Unrolled algorithms for group synchronization
- URL: http://arxiv.org/abs/2207.09418v1
- Date: Tue, 19 Jul 2022 17:25:56 GMT
- Title: Unrolled algorithms for group synchronization
- Authors: Noam Janco and Tamir Bendory
- Abstract summary: Group synchronization problem involves estimating a collection of group elements from noisy measurements of their pairwise ratios.
Standard methods to estimate the group elements are based on iteratively applying linear and non-linear operators.
Motivated by the structural similarity to deep neural networks, we adopt the concept of algorithm unrolling.
- Score: 7.969977930633441
- License: http://creativecommons.org/licenses/by/4.0/
- Abstract: The group synchronization problem involves estimating a collection of group
elements from noisy measurements of their pairwise ratios. This task is a key
component in many computational problems, including the molecular
reconstruction problem in single-particle cryo-electron microscopy (cryo-EM).

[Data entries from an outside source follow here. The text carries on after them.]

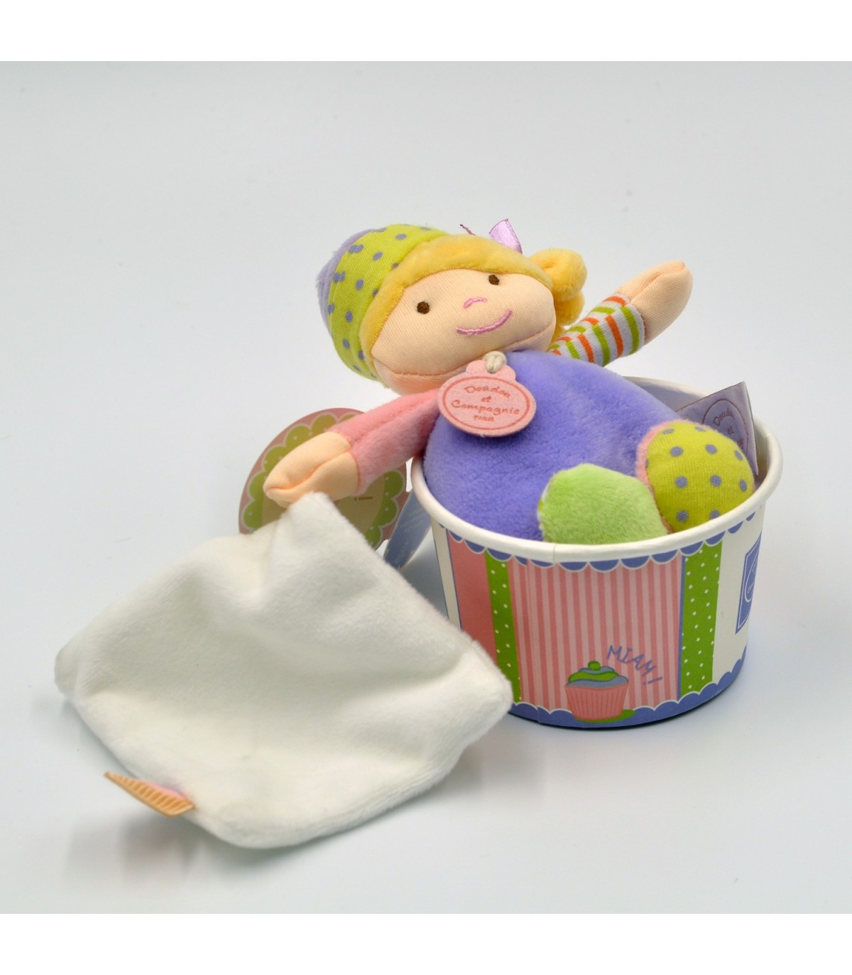Craquez pour cette adorable poupée Doudou et Compagnie, une véritable petite Fée des Rêves aux couleurs tendres (violet, rose et vert). Elle arrive dans sa superbe boîte cadeau en forme de cupcake "Miam", prête à faire un gros câlin à votre bébé !
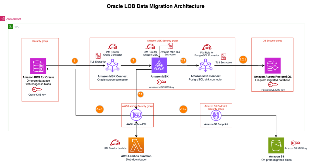 In this post, we present a scalable solution that addresses the challenge of migrating your large binary objects (LOBs) from Oracle to AWS by using a streaming architecture that separates LOB storage from structured data. This approach avoids size constraints, reduces Oracle licensing costs, and preserves data integrity throughout extended migration periods.
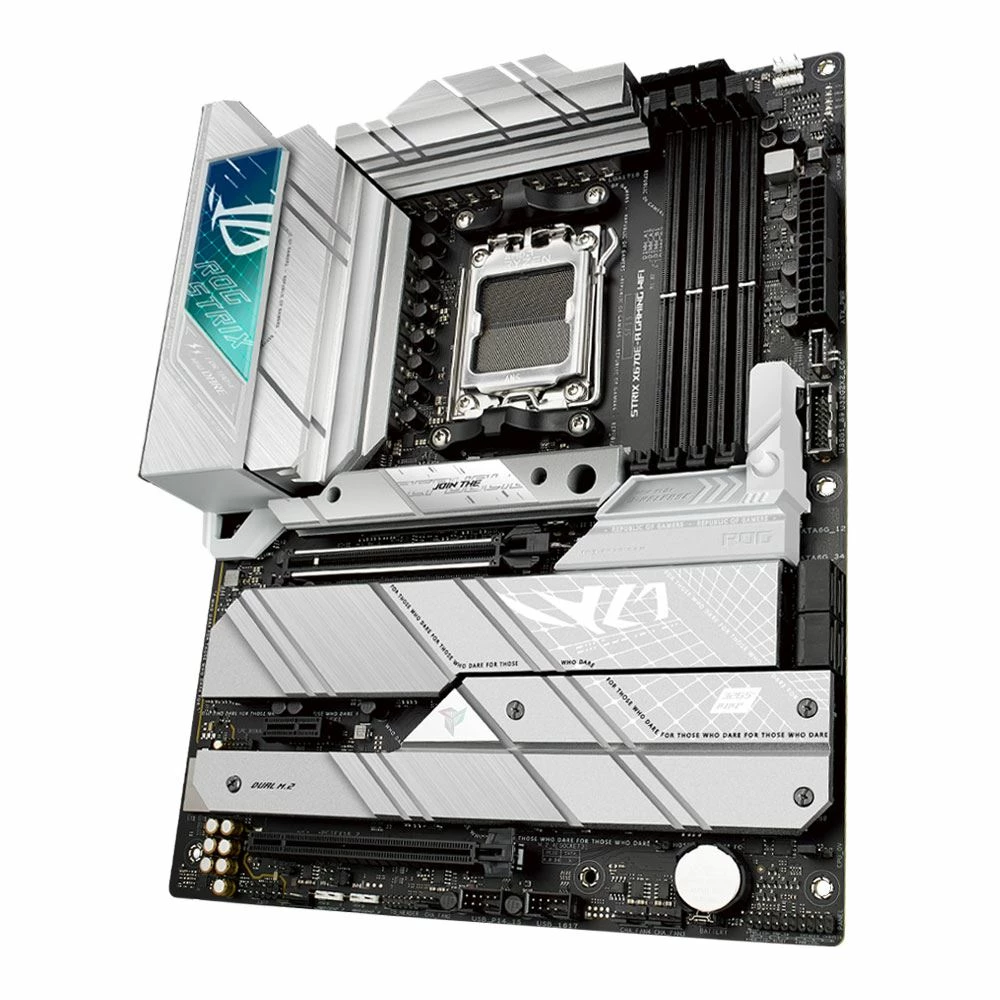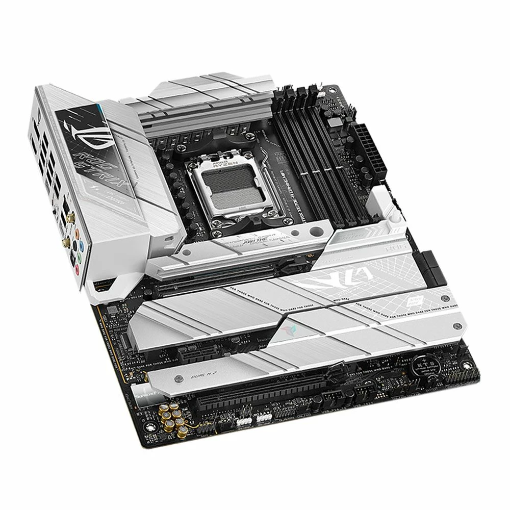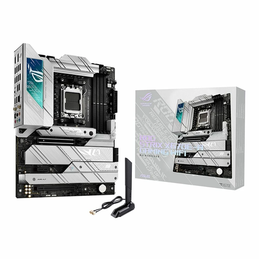 Suit up for the next gen with the stylish ROG Strix X670E-A Gaming WiFi. Its black PCB and white accents neatly contrast silver-colored heatsinks that emphasize premium power delivery for AMD Ryzen 7000 Series processors. Exclusive ROG overclocking utilities, full PCIe 5.0 capabilities, and DDR5 support are woven in alongside, adding uniquely tailored performance and AM5 essentials to your gaming build.

The standard methods to estimate the group elements are based on iteratively
applying linear and non-linear operators. Motivated by the structural
similarity to deep neural networks, we adopt the concept of algorithm
unrolling, where training data is used to optimize the algorithm. We design
unrolled algorithms for several group synchronization instances, including
synchronization over the group of 3-D rotations: the synchronization problem in
cryo-EM. We also apply a similar approach to the multi-reference alignment
problem. We show by numerical experiments that the unrolling strategy
outperforms existing synchronization algorithms in a wide variety of scenarios.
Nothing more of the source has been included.